# BBS RS189 15x6 (?) ET38...question



## randomz (Jul 18, 2012)

OK, so recently grabbed a set of BBS RS189's for my e30 already bored to 57.1"

They measure 7.5" and 8.5" (outer edge, below lip to inner edge, below lip if that makes sense).

And don't worry, we still have our MKV :wave:

Been trying to figure out the specs on them and am having a tough time coming up with correct measurements. 

I'm told RS189 in stock form was 15x6 ET38 with 1" lip

Measured the lips while on the wheels (as seen here: http://forums.vwvortex.com/showthre...iece-wheels-lips-barrels-ect.&highlight=piece) and came up with:

Front 2" Lip (so +1...right?)
Rear 3" Lip (s +2...right?)

My question: what the hell ET do i have now with the new lips? and is that width correct? if there is an easier way to figure this out please point me in the right direction and i'll gladly learn!


----------



## 87vr6 (Jan 17, 2002)

If the wheel was 15x6 with a one inch lip, how does adding a two inch lip only make it 7.5... and the three incher only 8.5? 

I'm at work now, but I have a good calculator on my home computer for this type of thing. Did you measure the wheels properly? Get seperate measurements for the barrels and the lips... Recheck your math.

Rules of thumb:

Changing only the lip (and thus the width) will minus you 12-13mm for every inch of lip you add without changing the barrel...

15x6 et38 (4.5 barrel, .5 face, 1 lip) ---> 15x7 (4.5 barrel, .5 face, 2 lip) et 25

Same as above, but changing only the barrel 1" at a time makes the offset go up 12-13mm thus the 15x6 with 1" lip et38 becomes 15x7 with 1" lip et 50

Changing both is a whole nother ball game. I may be wrong about those measurements, someone else correct me, or at least until I get home and use the calc I have that works real nice...


----------



## randomz (Jul 18, 2012)

I must have meant 15x7 and 15x8, up too late last night

The barrels were not changed. Only the lips, so that makes sense. That was my understanding from reading around on here and other forums. 

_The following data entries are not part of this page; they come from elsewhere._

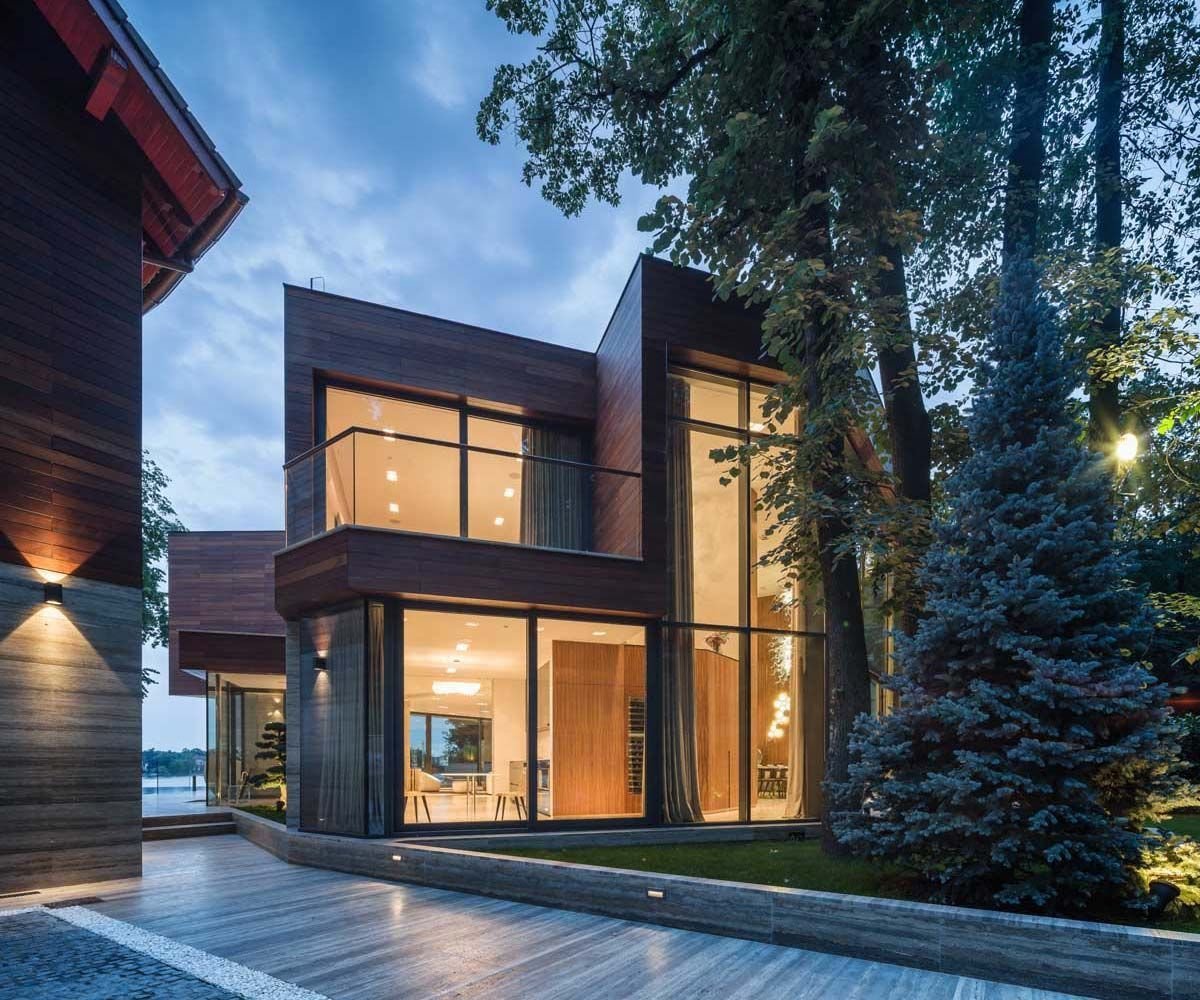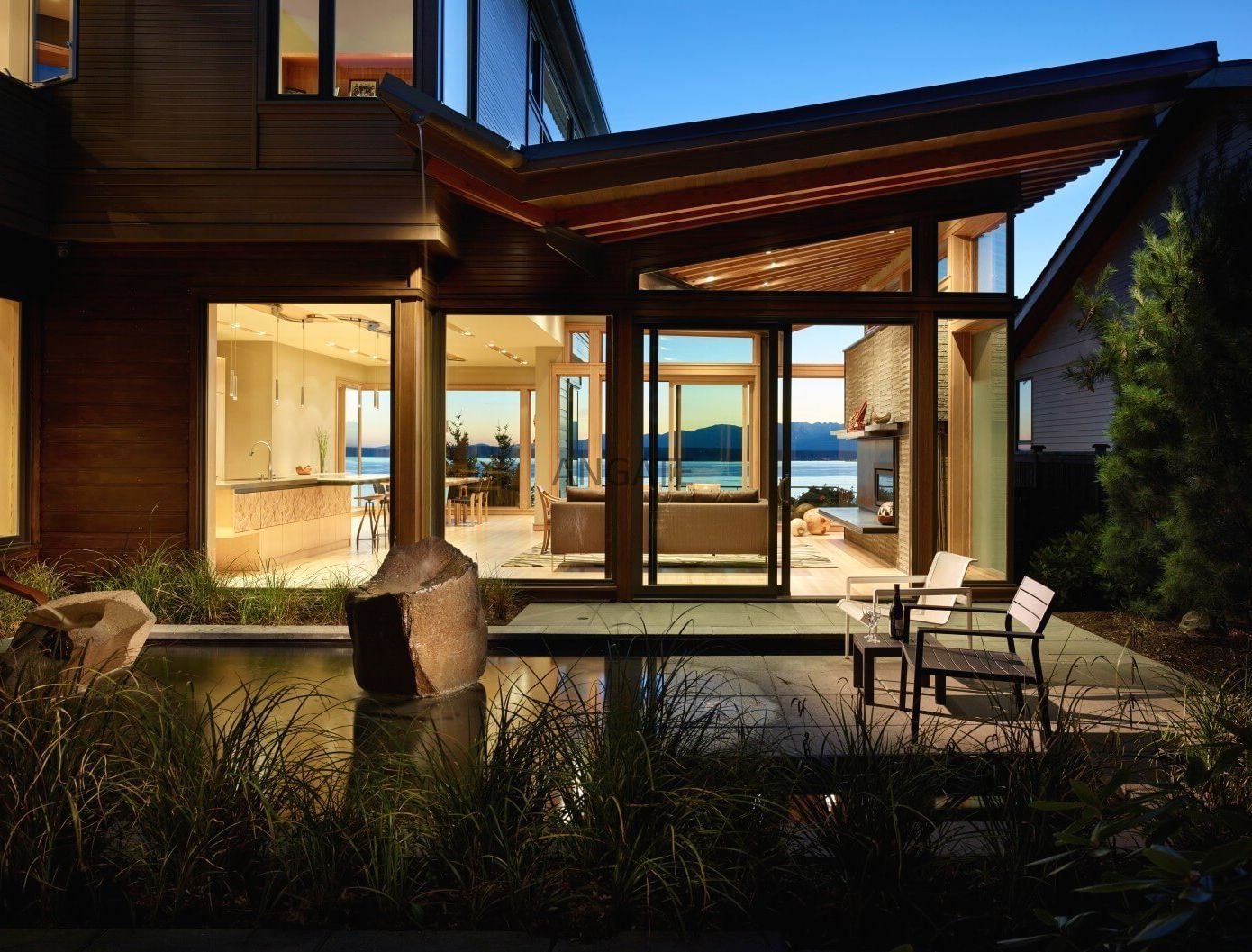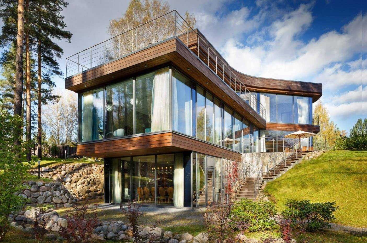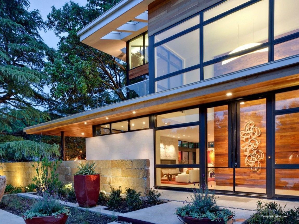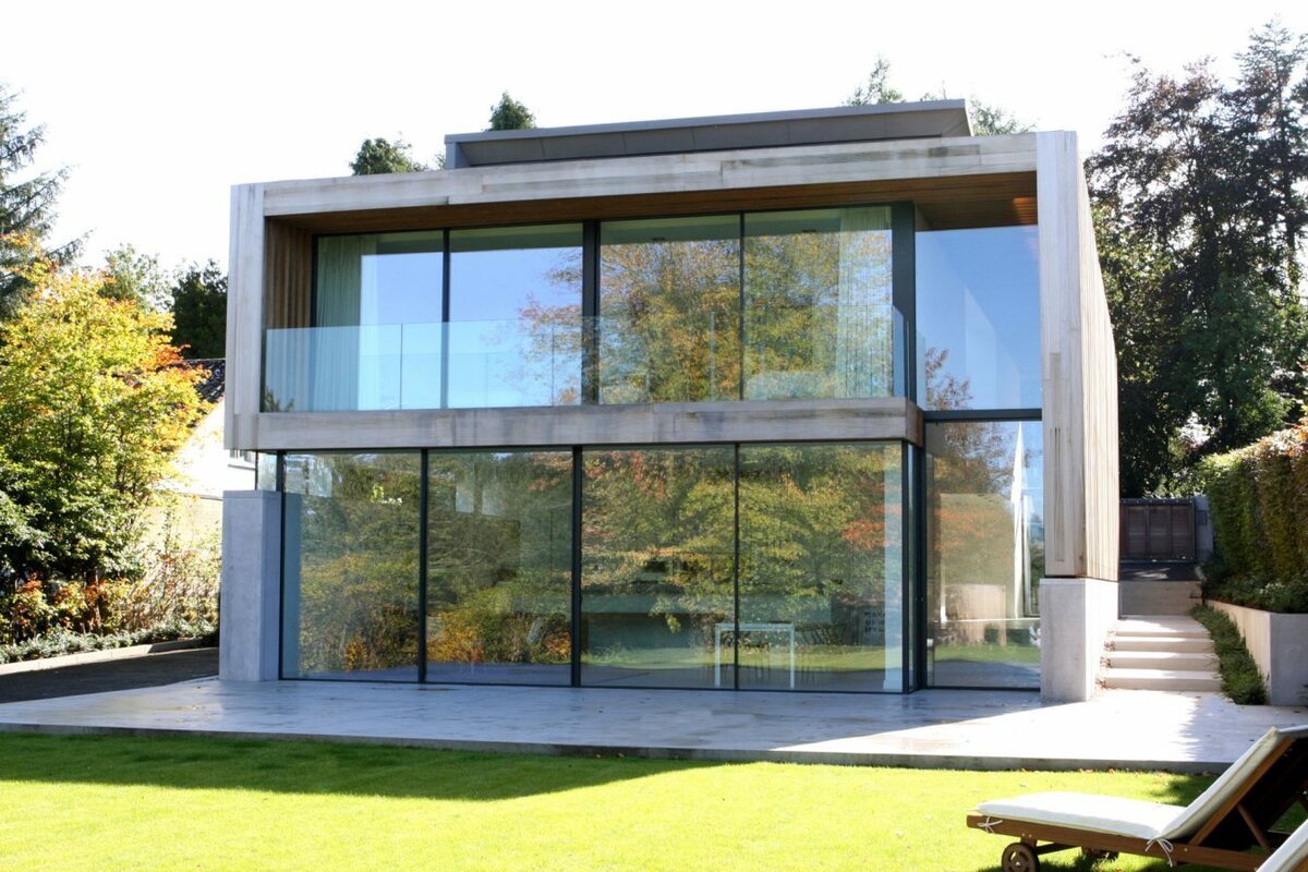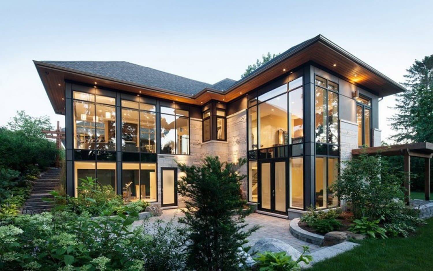 Одноэтажный дом в стиле лофт с панорамными окнами
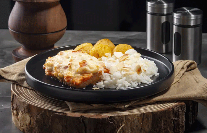 - 1x Parmegiana de Frango, Arroz Branco e Batata Rústica
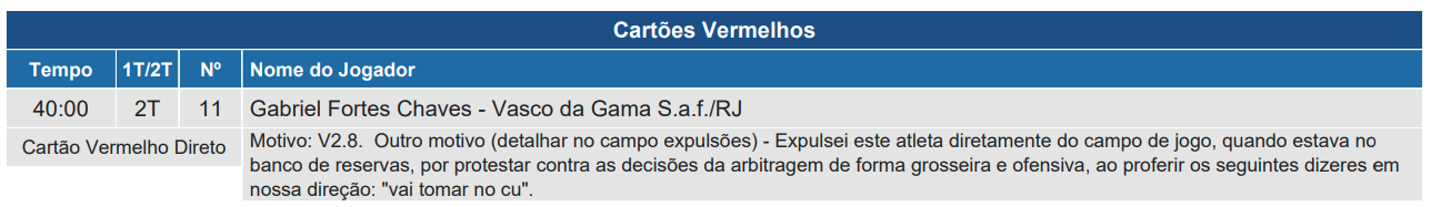 Leandro Pedro Vuaden põe na súmula que expulsou Gabriel Pec, que estava em campo, e não Rossi, que estava no banco
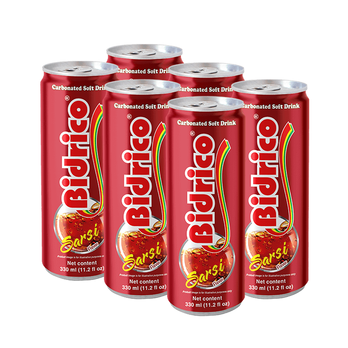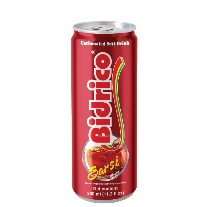 Other Bidrico carbonated soft drinks 330ml can: Orange, cream soda, cola, sarsi.

So stock lip was 1", right? The lips are now 2" front (so +1") and 3" rear (so +2") rear, which would make them ET25 and ET14.

Ill gladly measure the barrels if that'll help, but can that be done without splitting the wheels?

Thanks a lot for your help man! Would deff be curious to see how that calculator works/what you come up with :thumbup:



87vr6 said:


> If the wheel was 15x6 with a one inch lip, how does adding a two inch lip only make it 7.5... and the three incher only 8.5?
> 
> I'm at work now, but I have a good calculator on my home computer for this type of thing. Did you measure the wheels properly? Get seperate measurements for the barrels and the lips... Recheck your math.
> 
> ...


----------



## randomz (Jul 18, 2012)

Bump...so the wheels deff measure 7.5" and 8.5"...so confused :banghead:


----------